El estafador se hace pasar por una persona o empresa de confianza en una aparente comunicación oficial electrónica para sustraer datos privados de la víctima. (Foto: EFE)
El estafador se hace pasar por una persona o empresa de confianza en una aparente comunicación oficial electrónica para sustraer datos privados de la víctima. (Foto: EFE)
Redacción EC

El o la suplantación de la identidad digital es uno de los delitos online que más ha crecido en los últimos años y que mayor sofisticación ha ganado, convirtiéndolo con diferencia en uno de los ataques cibernéticos más comunes en todo el mundo.

Este tipo de crimen consiste en ganarse la confianza de la potencial víctima mediante una identidad falsa y obtener así información secreta como contraseñas, acceso a datos privados o control total sobre tarjetas y cuentas bancarias.

La práctica más común de este delito es enviar señuelos digitales, generalmente un correo electrónico o un mensaje de texto (SMS) que indica al destinatario que haga clic en un enlace, permitiendo a los piratas informáticos acceder a los datos de la víctima o introducir algún tipo de virus a sus aparatos electrónicos.

“Estamos viendo muchos casos de ‘phishing’ en los que los atacantes son cada vez más sofisticados. Usan información de la víctima obtenida en las redes sociales para personalizar los correos electrónicos que envían” y aumentar así la probabilidad de éxito de la estafa, explicó la jefa de ciberseguridad de Microsoft, Diana Kelley.

En su último Informe de Inteligencia en Seguridad, Microsoft halló que, de una muestra aleatoria de correos electrónicos analizados, un 0,7% contenían "phishing".

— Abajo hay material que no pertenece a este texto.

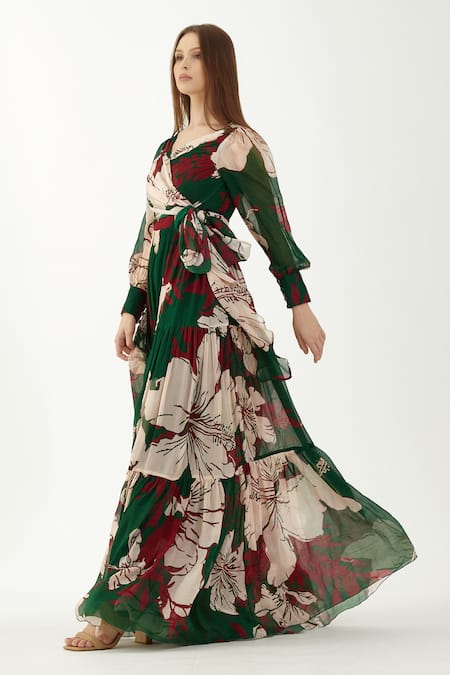 Green, red and off white tiered dress in chiffon base with all over floral pattern.
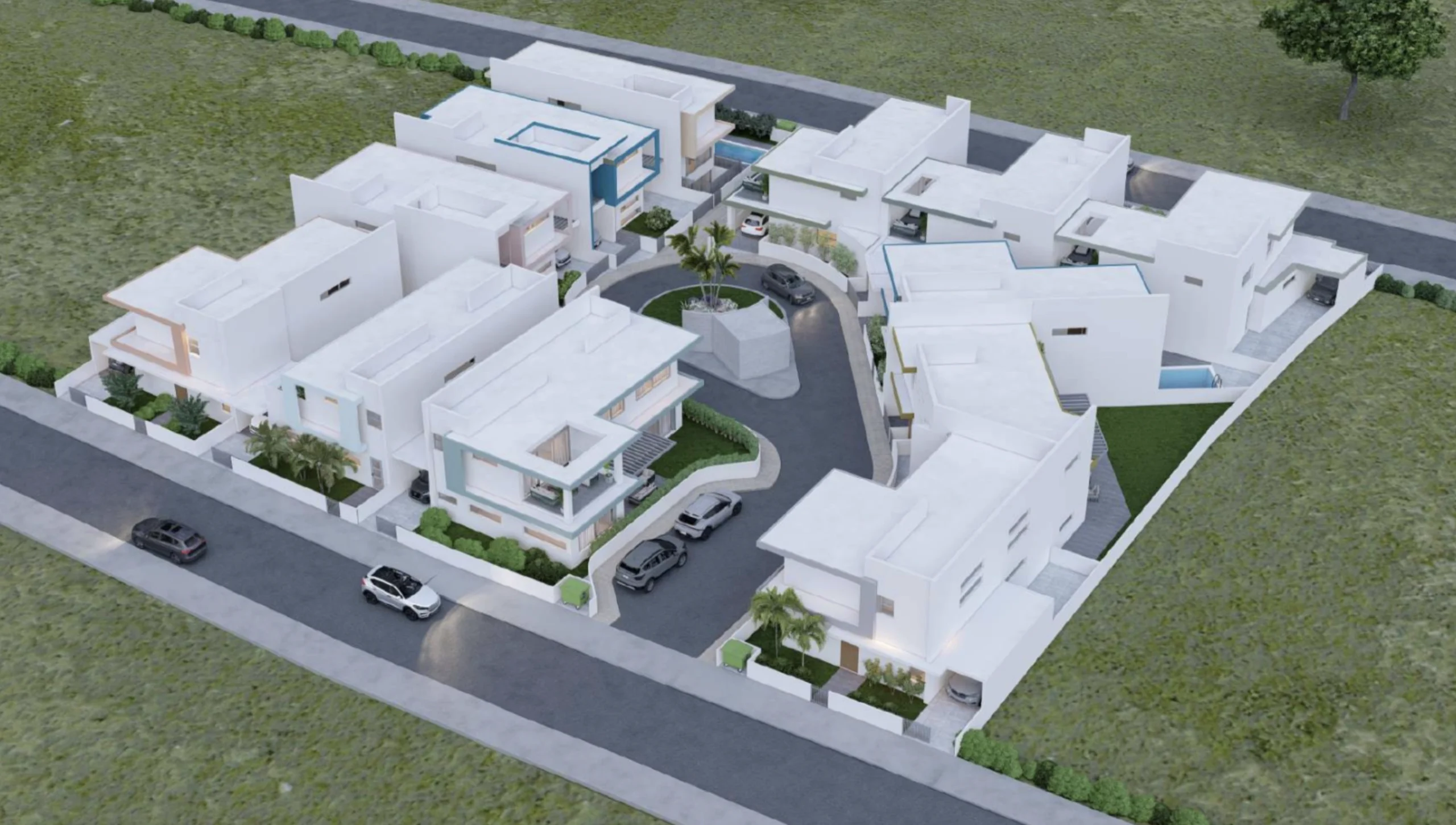 This cul-de-sac development offers 12 elegant two-storey houses that perfectly marry contemporary design with the tranquility of rural living. Each home features open-plan living spaces, modern kitchens, and private outdoor areas poised for personalization, such as gardens or pools. Large windows frame the beauty of nature, while the master bedrooms with private balconies become havens of peace.

Aunque a primera vista esta cifra pueda parecer menor, esto significa que aproximadamente 1 de cada 150 correos analizados fue un intento de conseguir acceso ilegal a datos mediante la suplantación de identidad.

El 0,7% es, además, significativamente superior al 0,49% detectado el año pasado, en abril de 2018, y cinco veces más que el 0,14% de enero de 2018.

“Aquí ya no se trata del ejemplo clásico de correo fraudulento en el que un príncipe de un país lejano solicita ayuda económica para recuperar su trono y promete una compensación. Lo que vemos ahora son mensajes que realmente parece que provengan de una fuente conocida por el receptor, muy detallados”, agregó la jefa de ciberseguridad de Microsoft.